*Requirement*
The answer must consist of every line in the data below that holds the word "open".

### Excerpted data

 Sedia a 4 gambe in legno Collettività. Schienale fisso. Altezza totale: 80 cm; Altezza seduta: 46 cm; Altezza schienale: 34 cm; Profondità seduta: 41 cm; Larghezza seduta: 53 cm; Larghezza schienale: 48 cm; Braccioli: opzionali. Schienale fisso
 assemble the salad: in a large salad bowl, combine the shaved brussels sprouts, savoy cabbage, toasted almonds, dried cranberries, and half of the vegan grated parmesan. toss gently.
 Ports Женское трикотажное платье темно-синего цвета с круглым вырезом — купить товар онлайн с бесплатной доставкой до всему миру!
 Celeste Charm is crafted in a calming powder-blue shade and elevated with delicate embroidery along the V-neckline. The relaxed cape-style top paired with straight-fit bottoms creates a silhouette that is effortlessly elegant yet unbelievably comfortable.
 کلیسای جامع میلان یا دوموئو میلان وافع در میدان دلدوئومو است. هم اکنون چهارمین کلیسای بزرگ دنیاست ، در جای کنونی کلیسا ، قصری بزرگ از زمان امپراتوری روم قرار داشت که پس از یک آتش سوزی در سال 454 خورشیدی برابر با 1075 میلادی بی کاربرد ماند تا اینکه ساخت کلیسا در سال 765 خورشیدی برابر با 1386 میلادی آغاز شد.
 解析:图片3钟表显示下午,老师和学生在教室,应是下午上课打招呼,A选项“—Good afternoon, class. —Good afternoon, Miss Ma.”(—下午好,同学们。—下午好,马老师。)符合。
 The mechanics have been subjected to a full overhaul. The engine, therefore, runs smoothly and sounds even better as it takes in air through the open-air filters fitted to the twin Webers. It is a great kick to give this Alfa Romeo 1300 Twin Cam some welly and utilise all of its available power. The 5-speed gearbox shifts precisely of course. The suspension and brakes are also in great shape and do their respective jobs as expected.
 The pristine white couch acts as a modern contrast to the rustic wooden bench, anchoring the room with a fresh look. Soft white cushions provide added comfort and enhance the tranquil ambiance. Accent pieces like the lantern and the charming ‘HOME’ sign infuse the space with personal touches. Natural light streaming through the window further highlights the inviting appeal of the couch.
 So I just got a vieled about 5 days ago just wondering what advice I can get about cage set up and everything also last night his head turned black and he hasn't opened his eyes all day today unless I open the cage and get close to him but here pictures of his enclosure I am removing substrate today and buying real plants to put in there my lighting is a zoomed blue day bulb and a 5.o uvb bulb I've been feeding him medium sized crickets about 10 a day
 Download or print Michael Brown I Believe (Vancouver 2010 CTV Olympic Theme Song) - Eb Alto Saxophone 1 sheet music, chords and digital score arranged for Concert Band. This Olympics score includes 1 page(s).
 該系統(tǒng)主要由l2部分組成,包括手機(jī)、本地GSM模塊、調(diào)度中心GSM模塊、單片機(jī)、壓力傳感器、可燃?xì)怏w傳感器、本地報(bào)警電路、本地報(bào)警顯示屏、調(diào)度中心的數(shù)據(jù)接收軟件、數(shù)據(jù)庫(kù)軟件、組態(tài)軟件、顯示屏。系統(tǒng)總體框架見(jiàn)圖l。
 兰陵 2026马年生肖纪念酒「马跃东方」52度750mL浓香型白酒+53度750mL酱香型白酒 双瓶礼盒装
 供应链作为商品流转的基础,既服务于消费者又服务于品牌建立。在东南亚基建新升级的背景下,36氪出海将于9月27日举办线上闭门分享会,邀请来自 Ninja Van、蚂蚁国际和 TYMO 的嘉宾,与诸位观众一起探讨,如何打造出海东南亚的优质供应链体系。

######

*Response box*
 The mechanics have been subjected to a full overhaul. The engine, therefore, runs smoothly and sounds even better as it takes in air through the open-air filters fitted to the twin Webers. It is a great kick to give this Alfa Romeo 1300 Twin Cam some welly and utilise all of its available power. The 5-speed gearbox shifts precisely of course. The suspension and brakes are also in great shape and do their respective jobs as expected.
 So I just got a vieled about 5 days ago just wondering what advice I can get about cage set up and everything also last night his head turned black and he hasn't opened his eyes all day today unless I open the cage and get close to him but here pictures of his enclosure I am removing substrate today and buying real plants to put in there my lighting is a zoomed blue day bulb and a 5.o uvb bulb I've been feeding him medium sized crickets about 10 a day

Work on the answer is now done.